Omit the pictures and extract only the lines from the line containing "Royale hal/entree met" to the end of the material, each exactly as written.
** Information shown follows **
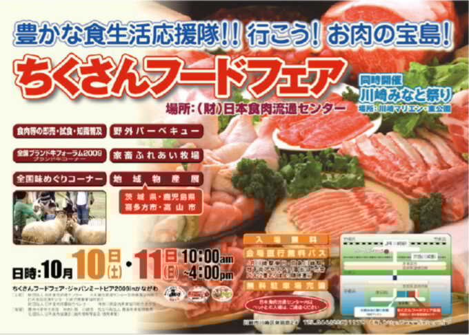今年は景気低迷の下、「豊かな食生活応援隊!! 行こう!お肉の宝島!」をキャッチフレーズに、また同時に開催されます「全国ブランド牛フォーラム2009(会場川崎駅前)」ともタイアップし、食肉消費に向けてのキャンペーンを強化します。 また、会場内では高級ブランド牛肉から手頃な食肉加工品まで多種多様な商品を揃えるほか、全国各地の特産品などを一同に集めたコーナーや、親子で楽しめるコーナーなど、多彩な催しを行います。 さらに、今年も地元「川崎みなと祭り」との連携を図り、フェアのさらなる充実を図っています。
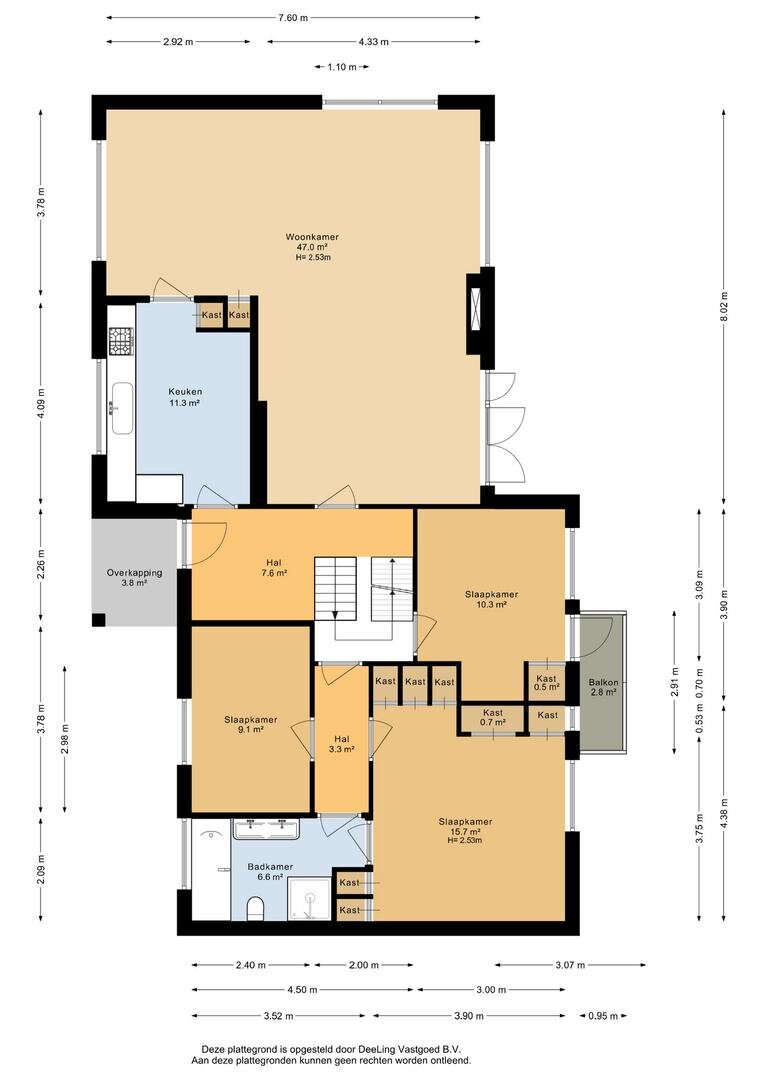 Royale hal/entree met trappenhuis die fungeert als een afscheiding tussen het woon- en slaapgedeelte. De bijzonder ruime living van 47 m² biedt een fijn uitzicht over de fraai aangelegde tuin met vijver, die tevens bereikbaar is door de dubbele openslaande deuren. Naast deze openslaande deuren zijn er ook nog prachtige grote ramen die voor veel lichtinval zorgen. De gesloten keuken heeft een nette en praktische keukenopstelling. Terug naar het trappenhuis bereik je de 2e hal die toegang geeft tot de 3 slaapkamers. Ze hebben allen praktische afmetingen: 16, 10 en 9 m². Eén van de slaapkamers is voorzien van een balkon en alle slaapkamers zijn voorzien van vaste kasten.
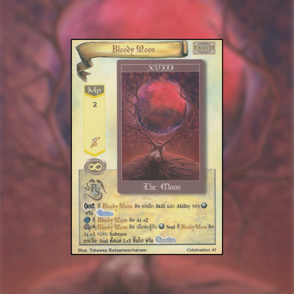 เป็นการ์ดเกม Summoner Master OG ในชุด Celebration นี้จะมีการ์ดทั้งหมด 235 ใบ Bloody Moon เป็น Mystic Card ประเภทไพ่ทาโรต์ หมายเลข 41: ระดับการค้นหาเป็นการ์ดโปรโมชัน
** End of Information shown **
▸ Written response:
 Royale hal/entree met trappenhuis die fungeert als een afscheiding tussen het woon- en slaapgedeelte. De bijzonder ruime living van 47 m² biedt een fijn uitzicht over de fraai aangelegde tuin met vijver, die tevens bereikbaar is door de dubbele openslaande deuren. Naast deze openslaande deuren zijn er ook nog prachtige grote ramen die voor veel lichtinval zorgen. De gesloten keuken heeft een nette en praktische keukenopstelling. Terug naar het trappenhuis bereik je de 2e hal die toegang geeft tot de 3 slaapkamers. Ze hebben allen praktische afmetingen: 16, 10 en 9 m². Eén van de slaapkamers is voorzien van een balkon en alle slaapkamers zijn voorzien van vaste kasten.
 เป็นการ์ดเกม Summoner Master OG ในชุด Celebration นี้จะมีการ์ดทั้งหมด 235 ใบ Bloody Moon เป็น Mystic Card ประเภทไพ่ทาโรต์ หมายเลข 41: ระดับการค้นหาเป็นการ์ดโปรโมชัน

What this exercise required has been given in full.